Does the bill have enough enforcement capability?
It wanted a requirement that private auditors would have to sign NDAs, and it even floated the idea of giving business a private right of action if those NDAs were violated. The organization also wanted to bar municipalities from conducting subsequent audits for five years on any company that is investigated and was found to be compliant. And it felt that the $1,000 fine is not enough to deter illegal practices.
But Kevin Bommer, executive director of the Colorado Municipal League, said his organization stepped in to assert that legislators can’t tell city governments how often they do audits under the home-rule provisions of the state constitution. He also questioned why the state would consider imposing the use of NDAs on other governments, and he said he believes the final bill proposal reflects that while businesses use the term “trigger audits,” there remains a dearth of evidence that they are happening.

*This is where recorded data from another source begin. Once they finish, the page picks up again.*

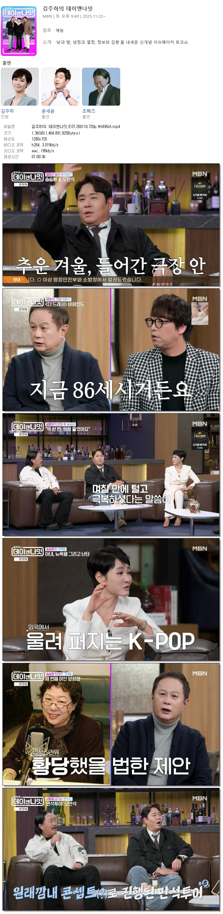 [MBN] 김주하의 데이앤나잇.E07.260110.720p.WANNA[송승환, 오만석]
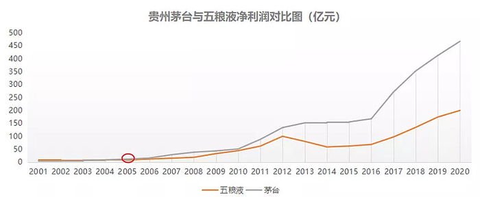 而茅台对五粮液的赶超首先体现在营收和净利润上。净利润是衡量企业盈利能力尤其是同一行业纵向对比的重要指标。2005年之前,五粮液净利润规模一直在茅台之上,但在2005年却被茅台超越,此后再也无法赶超;当年五粮液净利润7.91亿元,茅台净利润11.19亿。
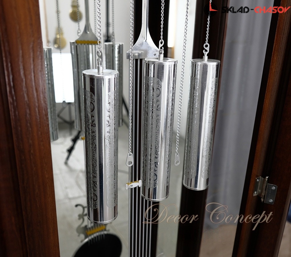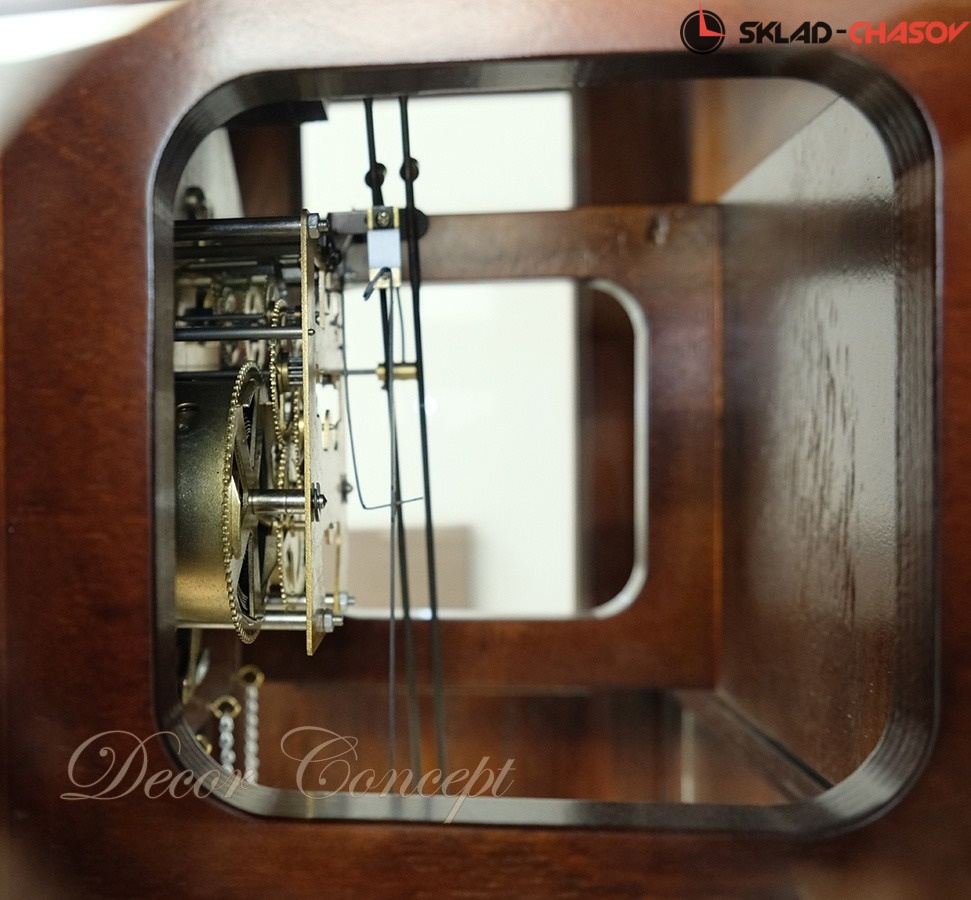 Механизм пружинный с ручным заводом ключом, бой каждые полчаса и час, ручное отключение боя.
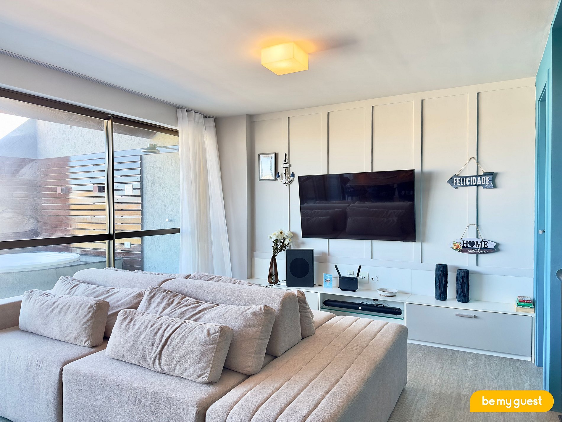 Cobertura sensacional no condomínio Mediterranee Residence no Porto das Dunas ao lado do Beach Park! Nessa acomodação você vai encontrar um apartamento completo com 3 suítes, sala de estar super bem decorada e conectada com uma varanda na cobertura com banheira privativa e churrasqueira gourmet.
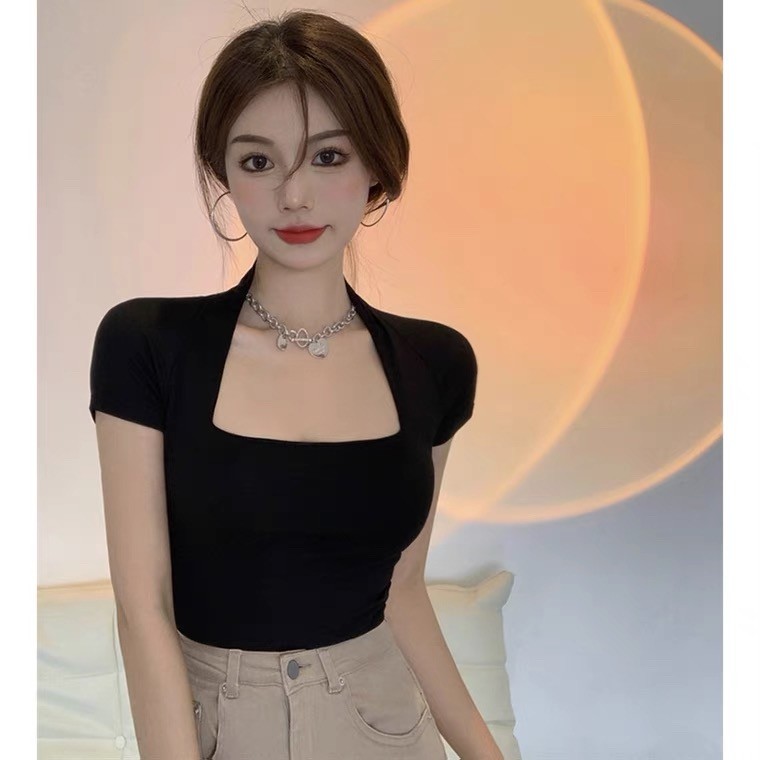 【WJZ】เสื้อยืดคอเหลี่ยมแขนสั้นสีพื้นสไตล์เกาหลีสำหรับผู้หญิง【t78#】

“If we could address the confidentiality issues and that could be done with state legislation, you don’t have to deal with home-rule issues,” Bommer said after the Sept. 25 task force meeting that forwarded the bill proposal.
Vorndran said she was particularly disappointed that the five-year audit pause was not included in the bill, as that is the biggest problem for businesses who are constant targets of these third-party audits. In fact, she asserted, those audits seem to target such a limited number of companies repeatedly that it leads to noncompliance with state and local tax laws among firms that know they’re less likely to be targeted.
“It is a punitive practice,” she said of the triennial audits of previously noncompliant firms, which some local finance officials acknowledged to the task force as a common practice. “Once you get in the audit cycle, you will get audited again.”
Also coming: A new task force on improving SUTS usage
The need for compliance with the state’s byzantine sales-tax structure — the overlap of municipal and special districts charging different rates creates about 700 different taxing districts statewide — is a reason legislators launched the SUTS system in 2020. Businesses that ship goods remit taxes based on the location of the customer who receives the products, and the SUTS database allows them a one-stop option of determining all taxes they must pay and then sending them to the state to distribute to local governments.
However, use of the system by businesses, particularly smaller ones, remains low, and state officials fear that means that many firms, rather than choosing to remit taxes individually to all governments to which they owe them, are just not paying taxes. And a letter that the task force approved to send last week aims to address that.
The letter directs the revenue department, which oversees SUTS, to convene a group of stakeholders to study businesses’ use of the centralized filing portal and recommend improvements that would boost its use. The task force — composed of government officials, businesses and tax practitioners — would look at areas such as potentially cumbersome user requirements and functionality gaps.
The task force is expected to begin meeting this month and work through next spring. It then is expected to recommend upgrades in to the legislatively created SUTS Simplification Task Force in time for it to consider possible fixes that could be made in the 2026 session.